The research team from the University of Miami's (UM) Rosenstiel School of Marine and Atmospheric Science and Florida International University analyzed deformation data from 32 permanent GPS stations in the region to identify the existence of a common magma reservoir that connected the two volcanoes.
Leading up to the eruption of Kirishima, which is located in the densely-populated Kagoshima region, the Aira caldera stopped inflating, which experts took as a sign that the volcano was at rest. The results from this new study, however, indicated that the opposite was happening--the magma chamber inside Aira began to deflate temporarily while Kirishima was erupting and resumed shortly after the activity at Kirishima stopped.

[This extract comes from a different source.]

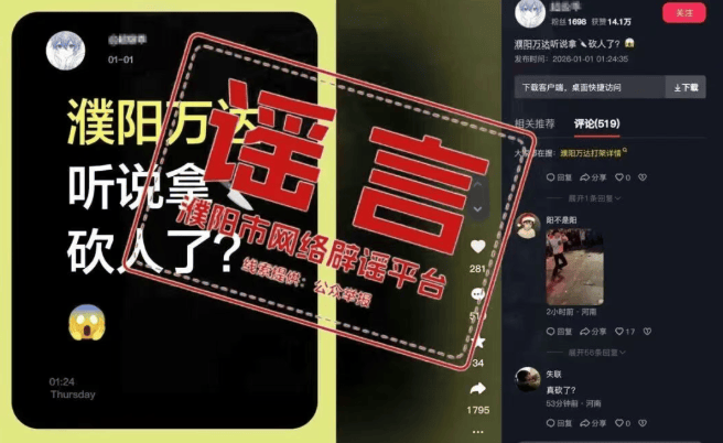 1月1日,某平台账号“超*乖”发布信息称“濮阳万达拿刀砍人了”,经濮阳市网信办核实查证,网传事件实为现场文艺表演活动,未出现持刀伤人事件。“拿刀砍人”相关信息为不实信息。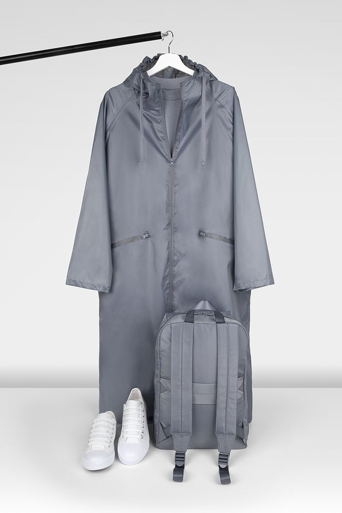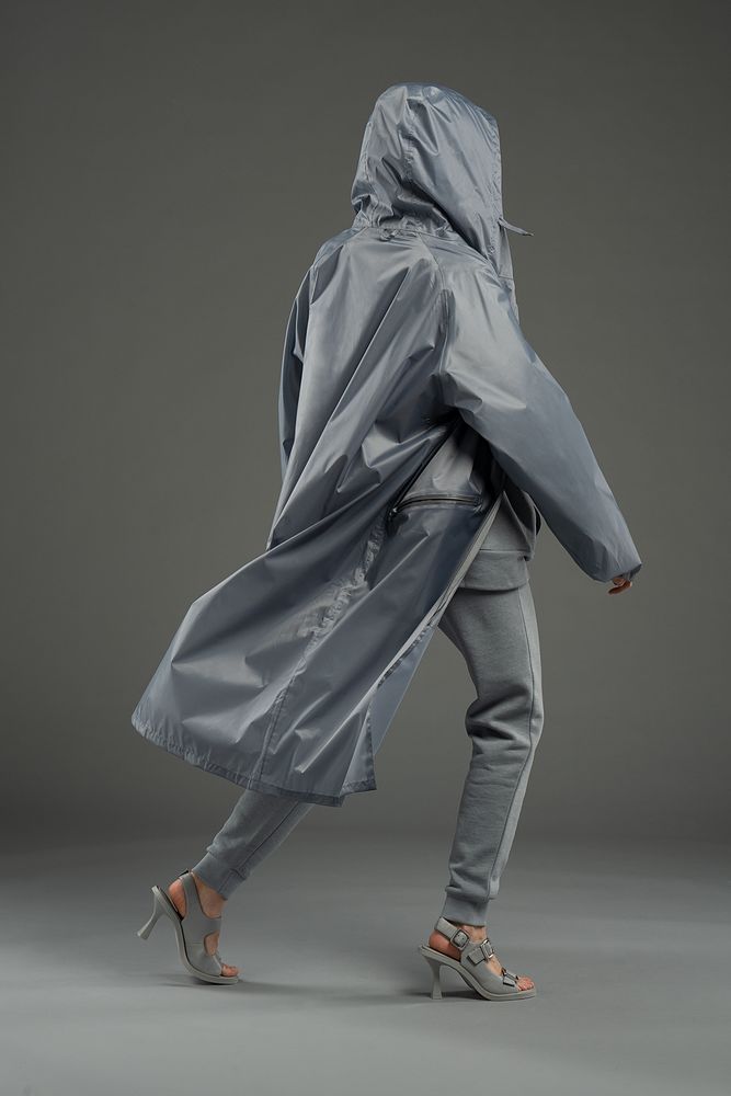 Плащ-дождевик на молнии с капюшоном из ткани таффета с полиуретановой пропиткой для защиты от сильного дождя.

"We observed a radical change in the behavior of Aira before and after the eruption of its neighbor Kirishima," said Elodie Brothelande, a postdoctoral researcher at the UM Rosenstiel School and lead author of the study. "The only way to explain this interaction is the existence of a connection between the two plumbing systems of the volcanoes at depth."
Prior to this new study, scientists had geological records of volcanoes erupting or collapsing at the same time, but this is the first example of an unambiguous connection between volcanoes that allowed scientists to study the underlying mechanisms involved. The findings confirm that volcanoes with no distinct connection at the surface can be part of a giant magmatic system at depth.
"To what extend magmatic systems are connected is an important question in terms of the hazards," said Falk Amelung, professor of geophysics at the UM Rosenstiel School and coauthor of the study. "Is there a lot of magma underground and can one eruption trigger another volcano? Up until now there was little or no evidence of distinct connections."
"Eruption forecasting is crucial, especially in densely populated volcanic areas," said Brothelande. "Now, we know that a change in behavior can be the direct consequence of the activity of its neighbor Kirishima."
The findings also illustrate that large volcanic systems such as Aira caldera can respond to smaller eruptions at nearby volcanoes if fed from a common deep reservoir but not all the time, since magma pathways open and close periodically.
"Now, we have to look whether this connnection is particular for these volcanoes in southeastern Japan or are widespread and occurr around the world," said Amelung.